In summary, we contend that the physicochemical character of tyrosine makes it the genetically encoded amino acid that is most effective for mediating molecular recognition. A particularly illustrative example in support of our contention is provided by a study in which a di-tyrosine motif in thrombin-binding synthetic proteins was converted into an active tetrapeptide 61. These results suggest that it may be possible to develop small-molecule lead compounds by transferring minimalist tyrosine-rich motifs to non-protein scaffolds. Notably, the concept of using limited residue types to mediate molecular recognition in synthetic protein interfaces parallels wisdom that has been gained in small molecule drug development. A systematic analysis of common features among known drug molecules revealed that 11,000 of 15,000 drugs are constructed using “top 20” side chains 62. These results indicate that the chemical diversity of small molecule drugs is limited, and similar to how the minimalist synthetic protein interfaces present tyrosines in distinct conformations, these drugs present similar side chains in diverse conformations using a variety of molecular frameworks 63. In both proteins and small molecules, it appears that conformational diversity trumps chemical diversity for efficient molecular recognition.

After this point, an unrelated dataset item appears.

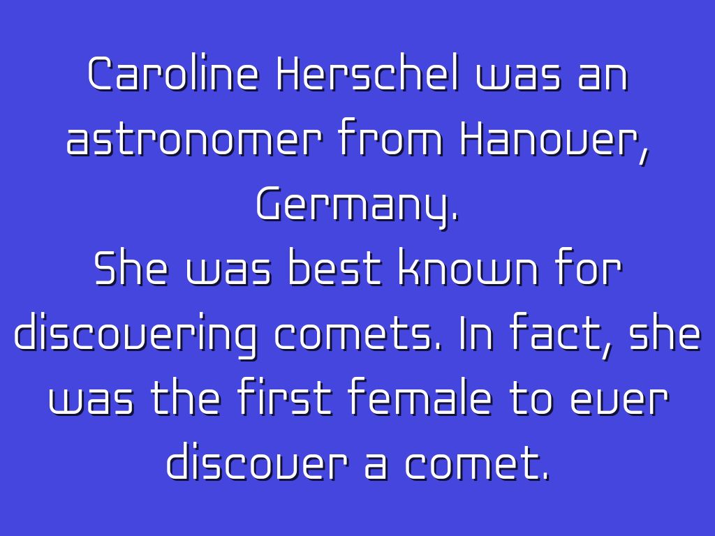 Caroline Herschel was an astronomer from Hanover, Germany.

It is now evident that tyrosine-based minimalist synthetic libraries can produce highly functional recognition interfaces against a remarkable range of proteins. These findings raise the question of just how far we can push this minimalist approach. Because most of the studies to date have focused on the recognition of globular proteins, little is known about the capacity of tyrosine-based interfaces to recognize flexible peptides and nonprotein targets such as small molecules and sugars. Also, as tryptophan shares many attributes with tryosine, the question remains whether tryptophan may be able to replace tyrosine as the main contributor to interface energetics. The significant enhancement of library performance by supplementing the tyrosine/serine binary code with additional diversity suggests that we might be able to find the “ultimate” amino acid composition that balances a high content of tyrosine and tailored addition of other amino acids to produce optimal shape and electrostatic complementarity.

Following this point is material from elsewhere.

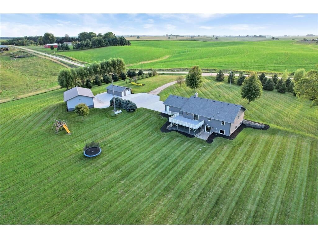 **RENTAL LISTING** Welcome to 66182 310th Ave - a private 8.82 acre property featuring clean landscaped grounds, a quality built 3600 SQFT home, and well-maintained storage buildings perfect for hobbyists, contractors, or anyone needing extra space. The 4bed, 3bath home offers a functional, open concept layout with everything you need on one level. The kitchen features solid wood cabinetry, quartz countertops, & stainless appliances, and the dining area opens out to a large minimum maintenance deck that overlooks the beautiful east facing horizon. The main floor is complete with a spacious living room featuring a vaulted ceiling, gas fireplace, & a built-in speaker system - two bedrooms including a primary suite complete with a private 3/4 bath & walk-in closet - and a laundry room equipped with a sink and plenty of storage. The lower level walk-out is complete with a family room, two large bedrooms, a full bath, and a bonus room. The house was recently updated with new siding, window wraps, and the roof is only 5 years old. The home is also equipped with geothermal system, offering high energy efficiency and cost savings. The attached two car garage is insulated and has direct access to the basement. There's an additional 18x32 detached tandem two-stall garage, with drive-thru doors, as well as a 42x30 pole building that has oversized doors, & a new concrete floor with a drain. New concrete driveway too! You get to enjoy all of these modern conveniences while also being surrounded by beautiful country views, meandering walking trails, and all kinds of wildlife. This property is located within the Lake City School District and is only 35 minutes from Rochester. You must see in person in order to appreciate all this property has to offer! Property also offered for sale. See MLS #6815727

Clearly, further investigation is needed to answer these outstanding questions. However, synthetic protein engineering employs highly controlled library designs and selection procedures, ensuring that we will be able to gain such knowledge in a comprehensive and objective manner. Furthermore, in vitro selection systems are set up to benefit from knowledge gained from preceding experiments, and thus, synthetic protein libraries will continue to evolve. Therefore, we are optimistic that in the near future synthetic binding proteins will supersede natural antibodies for most purposes and will enable many new applications beyond the scope of natural proteins.